EXERCISE GOAL: Go to the line with "Milk, drool, remains" in the entries below and write out every line from there through the line with "Тактильная вывеска с", exactly and without pictures.
═════ GIVEN INFORMATION
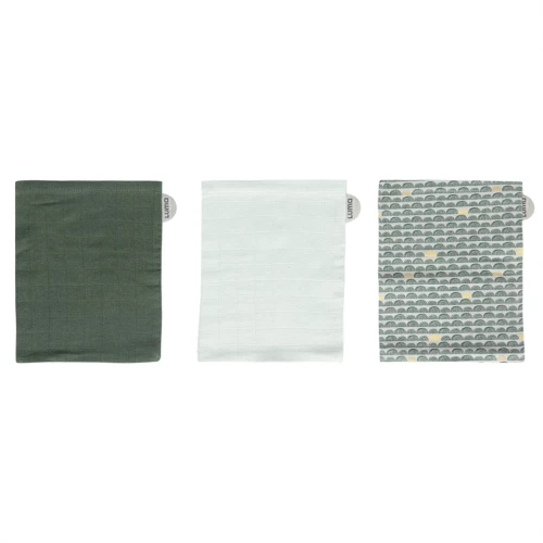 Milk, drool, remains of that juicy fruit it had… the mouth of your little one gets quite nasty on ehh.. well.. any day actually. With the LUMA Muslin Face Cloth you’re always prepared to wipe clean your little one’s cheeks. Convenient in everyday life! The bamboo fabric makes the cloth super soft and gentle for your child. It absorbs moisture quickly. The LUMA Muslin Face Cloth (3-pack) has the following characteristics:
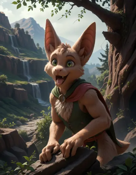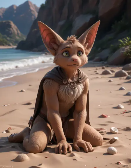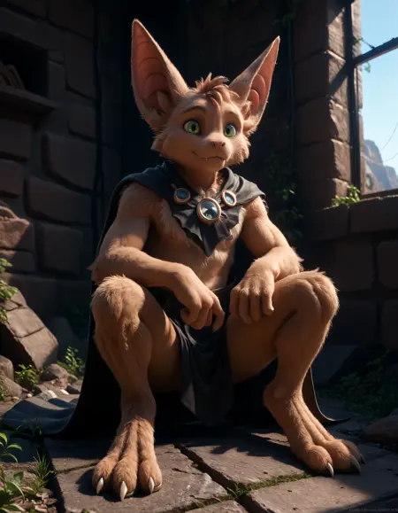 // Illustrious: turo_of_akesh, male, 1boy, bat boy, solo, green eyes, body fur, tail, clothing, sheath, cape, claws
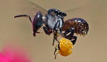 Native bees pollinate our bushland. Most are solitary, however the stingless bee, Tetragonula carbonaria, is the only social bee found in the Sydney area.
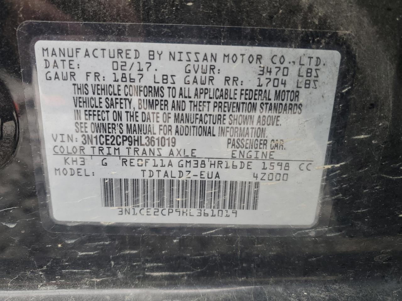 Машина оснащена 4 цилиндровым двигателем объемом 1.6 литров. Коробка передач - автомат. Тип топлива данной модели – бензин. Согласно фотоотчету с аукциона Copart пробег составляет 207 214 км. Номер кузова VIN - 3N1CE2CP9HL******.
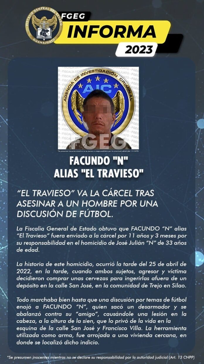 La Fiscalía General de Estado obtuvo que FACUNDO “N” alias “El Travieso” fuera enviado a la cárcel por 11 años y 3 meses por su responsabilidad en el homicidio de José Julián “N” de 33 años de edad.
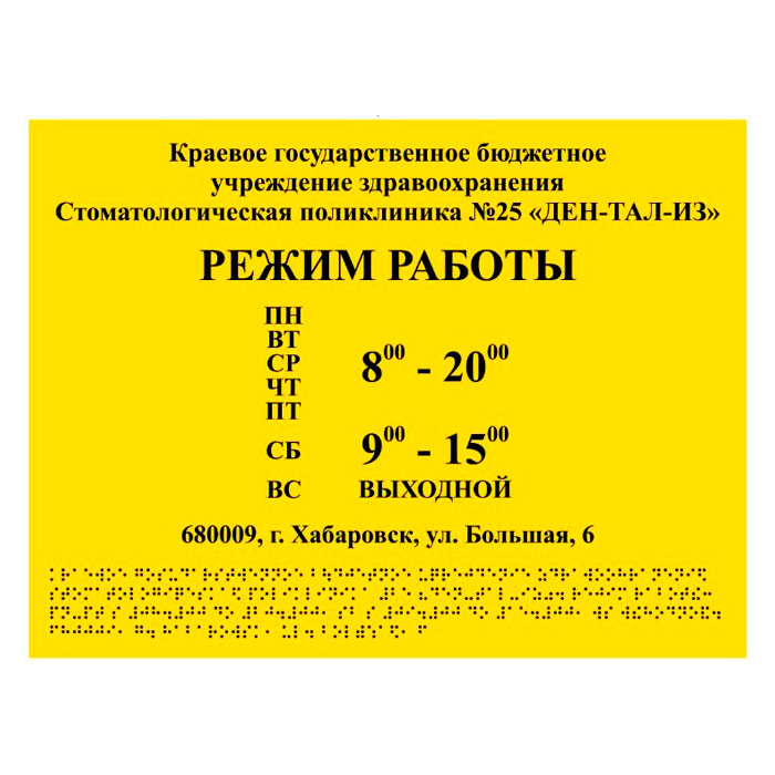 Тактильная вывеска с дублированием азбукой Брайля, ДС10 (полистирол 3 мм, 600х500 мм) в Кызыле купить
══════════
═════ GIVEN INFORMATION
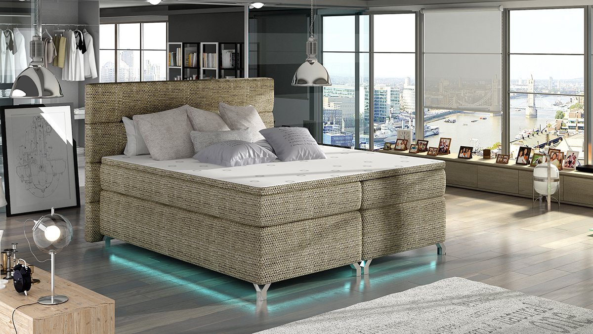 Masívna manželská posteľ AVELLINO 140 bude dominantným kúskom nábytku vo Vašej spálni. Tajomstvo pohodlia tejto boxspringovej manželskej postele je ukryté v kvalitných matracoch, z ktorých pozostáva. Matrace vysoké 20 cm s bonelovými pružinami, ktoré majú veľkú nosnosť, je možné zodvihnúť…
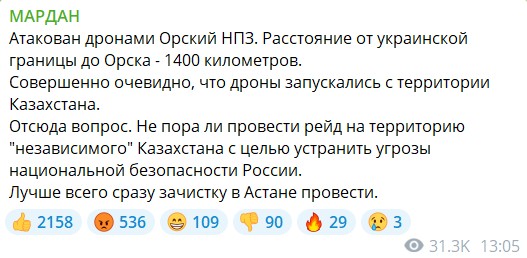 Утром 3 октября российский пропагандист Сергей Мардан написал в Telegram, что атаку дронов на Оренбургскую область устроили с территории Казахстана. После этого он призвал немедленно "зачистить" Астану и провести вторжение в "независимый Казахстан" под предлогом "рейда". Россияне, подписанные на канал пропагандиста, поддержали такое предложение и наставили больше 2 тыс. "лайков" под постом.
══════════
ANSWER TO THE PROBLEM:
 Milk, drool, remains of that juicy fruit it had… the mouth of your little one gets quite nasty on ehh.. well.. any day actually. With the LUMA Muslin Face Cloth you’re always prepared to wipe clean your little one’s cheeks. Convenient in everyday life! The bamboo fabric makes the cloth super soft and gentle for your child. It absorbs moisture quickly. The LUMA Muslin Face Cloth (3-pack) has the following characteristics:
 // Illustrious: turo_of_akesh, male, 1boy, bat boy, solo, green eyes, body fur, tail, clothing, sheath, cape, claws
 Native bees pollinate our bushland. Most are solitary, however the stingless bee, Tetragonula carbonaria, is the only social bee found in the Sydney area.
 Машина оснащена 4 цилиндровым двигателем объемом 1.6 литров. Коробка передач - автомат. Тип топлива данной модели – бензин. Согласно фотоотчету с аукциона Copart пробег составляет 207 214 км. Номер кузова VIN - 3N1CE2CP9HL******.
 La Fiscalía General de Estado obtuvo que FACUNDO “N” alias “El Travieso” fuera enviado a la cárcel por 11 años y 3 meses por su responsabilidad en el homicidio de José Julián “N” de 33 años de edad.
 Тактильная вывеска с дублированием азбукой Брайля, ДС10 (полистирол 3 мм, 600х500 мм) в Кызыле купить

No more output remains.